**Recorded information:**
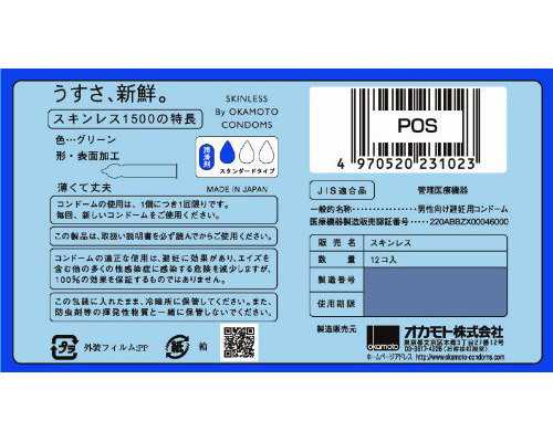 もっとナチュラルな装着感を!ユーザーの熱い声に応え、大手メーカー「オカモト」社が作り上げた、薄くてやわらかな質感が特徴的なコンドーム(12個入り)。 スキン(皮膜)+レス(〜のない)の名の通り、スキンがあることを感じさせない薄さでパートナーの温もりや感触もリアルに感じられ、プレイが燃え上がること間違いなし!表裏のわかりやすい加工も嬉しい、爽やかなグリーンのコンドームです。
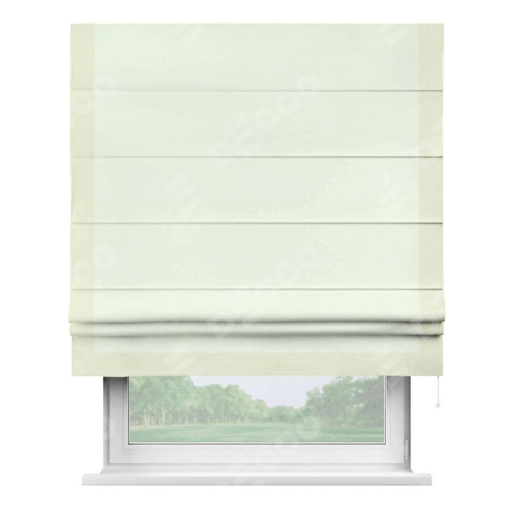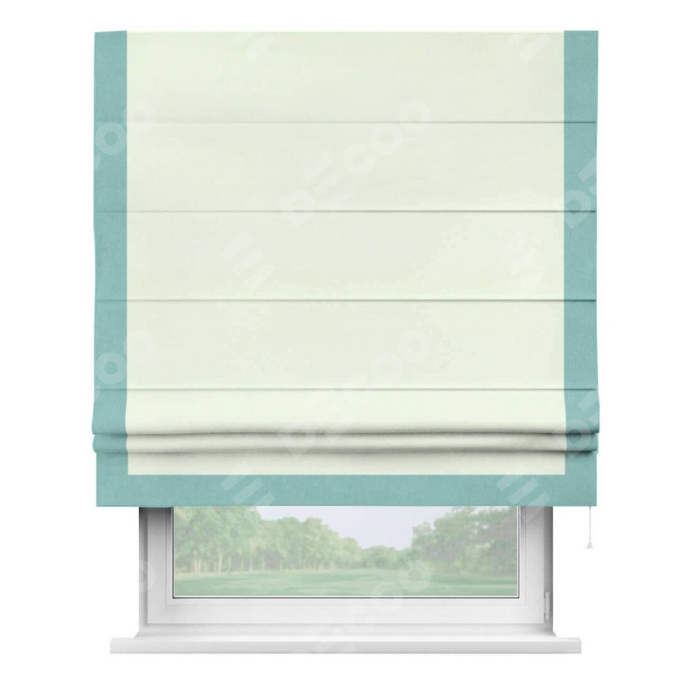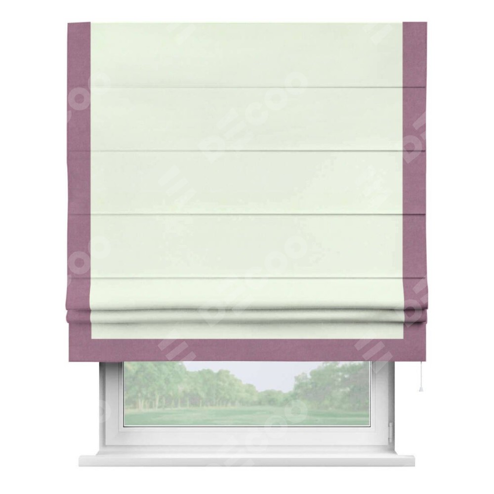 Римская штора производителя «Cortin», используется для проёма, пошита из ткани вельвет кремовый, артикул ткани 85524. Отделка шторы кантом «Виктория», ткань для канта используется из вельвета разной расцветки на выбор. Имеет универсальный механизм и подходит для монтажа: на потолок, на стену и в нишу.
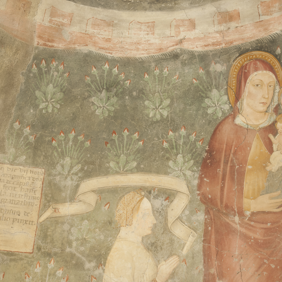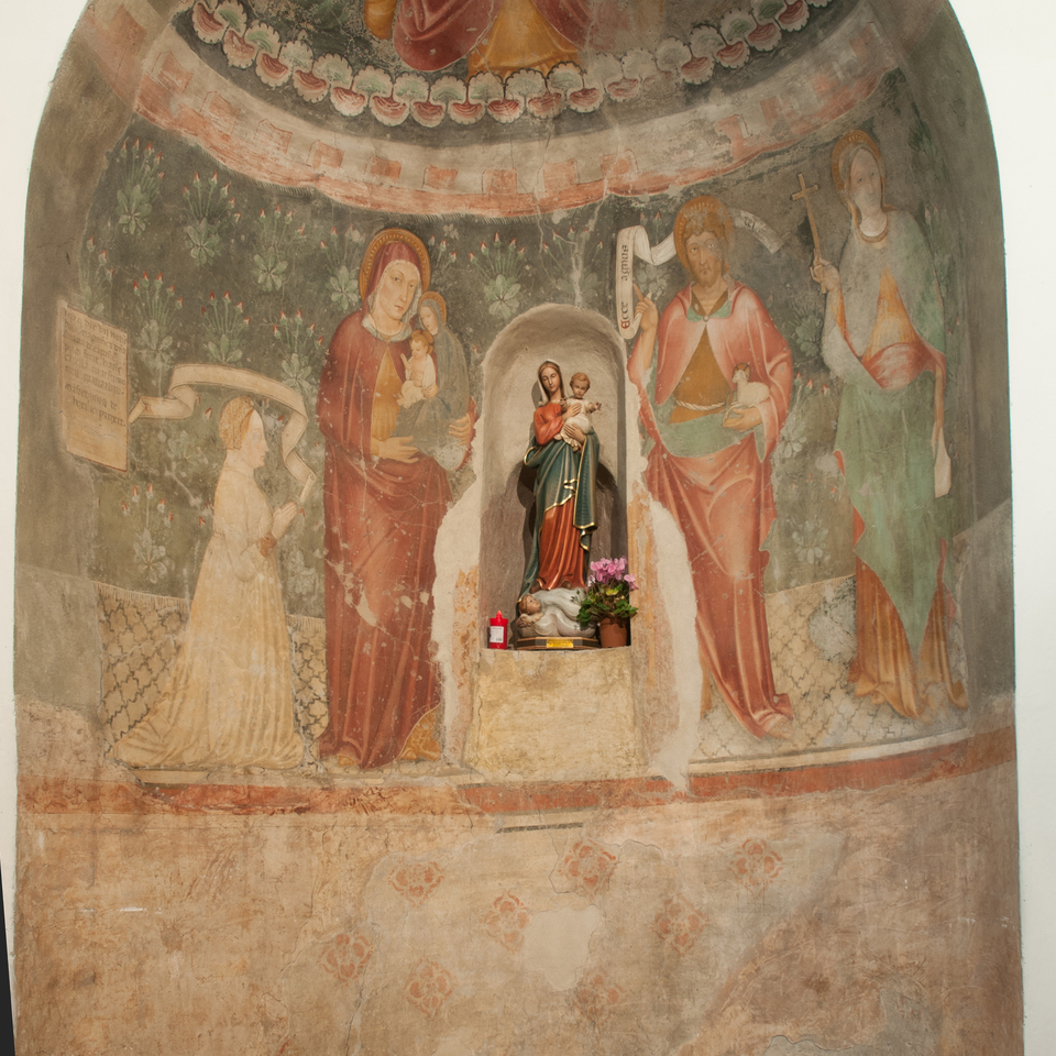 Nell’abside sinistra all’interno della chiesa si trova un bellissimo affresco quattrocentesco firmato da Manfredino Boxilio, pittore di scuola lombarda. Raffigura la signora di Novi, Oriana di Campofregoso, con Sant’Anna, la Madonna col Bambino, San Giovanni Battista e Santa Margherita. Poiché Sant’ Anna e Santa Margherita sono le tradizionali protettrici delle partorienti, si è ipotizzato che questo affresco volesse sciogliere un voto per la nascita di un tanto atteso erede. L’affresco è datato 1475.
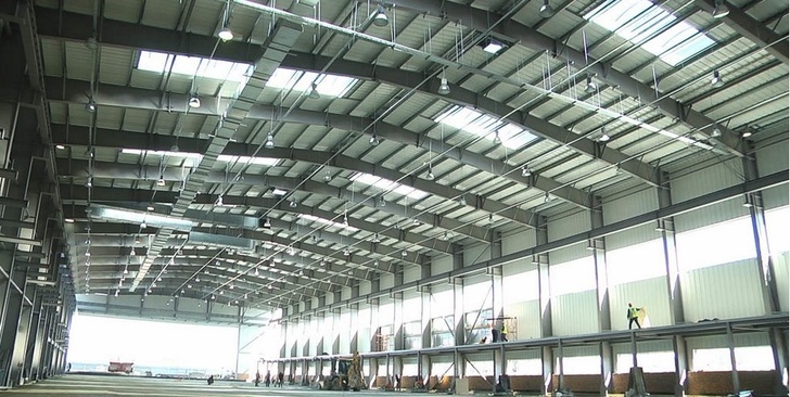 На данный момент ведется монтаж витражных конструкций фасадов и металлической кровли.

**Aim of the exercise:** Down to the last line, set down the data above exactly, and omit all images.

**Result of this task:**
 もっとナチュラルな装着感を!ユーザーの熱い声に応え、大手メーカー「オカモト」社が作り上げた、薄くてやわらかな質感が特徴的なコンドーム(12個入り)。 スキン(皮膜)+レス(〜のない)の名の通り、スキンがあることを感じさせない薄さでパートナーの温もりや感触もリアルに感じられ、プレイが燃え上がること間違いなし!表裏のわかりやすい加工も嬉しい、爽やかなグリーンのコンドームです。
 Римская штора производителя «Cortin», используется для проёма, пошита из ткани вельвет кремовый, артикул ткани 85524. Отделка шторы кантом «Виктория», ткань для канта используется из вельвета разной расцветки на выбор. Имеет универсальный механизм и подходит для монтажа: на потолок, на стену и в нишу.
 Nell’abside sinistra all’interno della chiesa si trova un bellissimo affresco quattrocentesco firmato da Manfredino Boxilio, pittore di scuola lombarda. Raffigura la signora di Novi, Oriana di Campofregoso, con Sant’Anna, la Madonna col Bambino, San Giovanni Battista e Santa Margherita. Poiché Sant’ Anna e Santa Margherita sono le tradizionali protettrici delle partorienti, si è ipotizzato che questo affresco volesse sciogliere un voto per la nascita di un tanto atteso erede. L’affresco è datato 1475.
 На данный момент ведется монтаж витражных конструкций фасадов и металлической кровли.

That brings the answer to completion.